The judgment, which followed the binding precedent laid down by the Supreme Court in PCIT vs. Abhisar Buildwell Pvt. Ltd., reinforces the settled legal position that completed or unabated assessments cannot be disturbed under Section 153A unless supported by incriminating material found during the search.


Background

  • Assessee: S.S.M. Forex Pvt. Ltd., an RBI-registered currency exchanger based in Karol Bagh, New Delhi.

  • Search conducted: 30 January 2020 on the Sushil Goel Group, including the assessee.

  • Section invoked: 153A (search assessment).

  • Assessment Years involved: 2014–15 to 2018–19.

  • Additions made: AO rejected books of account and applied a presumptive 4% profit rate on turnover due to non-availability of books during search.

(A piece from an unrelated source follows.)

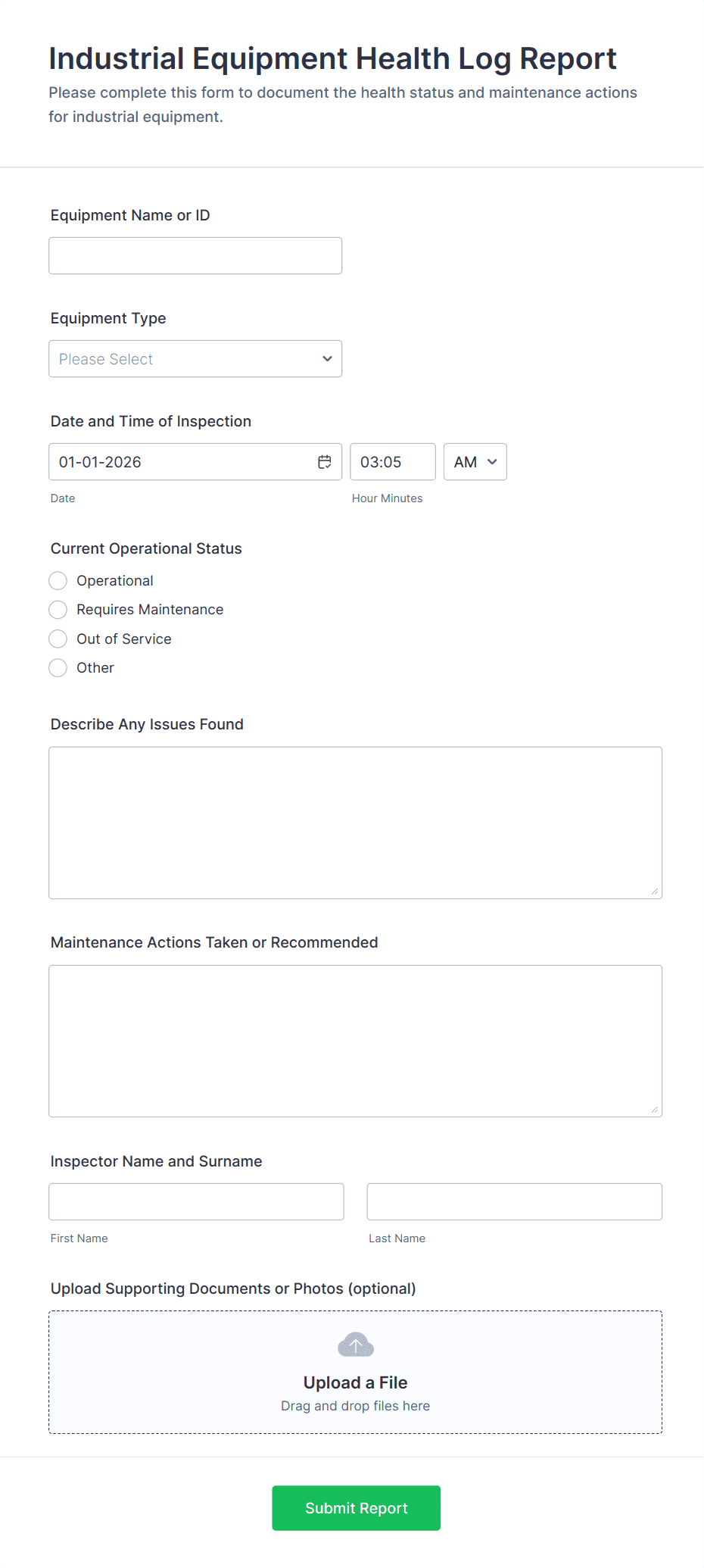 Creating an equipment maintenance form with Jotform helps you standardize maintenance reporting and keep service history organized and easy to track.

Key Arguments by the Assessee

  1. No incriminating material was found during the search.

  2. Books of account were later submitted and rejected without any linkage to seized evidence.

  3. All years were unabated (completed) as no assessments were pending on the date of search.

  4. Legal position settled by Supreme Court in Abhisar Buildwell (2023) dictates that in absence of incriminating material, no addition can be made in such completed assessments.


Revenue’s Stand

The Revenue contended that:

  • Non-availability of books during the search justified rejection and estimation.

  • Rejection of books and estimation was valid even without seized material.

  • Relied on Mukundray K. Shah (SC) and Goldstone Cements Ltd. (Gauhati HC).


Tribunal’s Findings

The ITAT, after hearing both sides, concluded:

  • All five years were unabated assessments, as no reassessment was pending on the search date.

  • No document (incriminating or otherwise) was referred to in the 153A assessment orders.

  • Presumption that books submitted later are incriminating is flawed, especially when the books were maintained in regular course of business.

  • Following PCIT v. Abhisar Buildwell (SC), additions in 153A proceedings for unabated years are impermissible without incriminating material.

Result: Additions made in AYs 2014–15 to 2018–19 were quashed in full.

However, ITAT clarified that the AO is free to initiate reassessment proceedings under Section 147/148, if otherwise permissible in law.


Final Takeaway

This case reiterates the legal sanctity of completed assessments and restricts arbitrary additions during search assessments. It serves as a reminder to authorities that Section 153A cannot be used as a roving tool without solid incriminating evidence.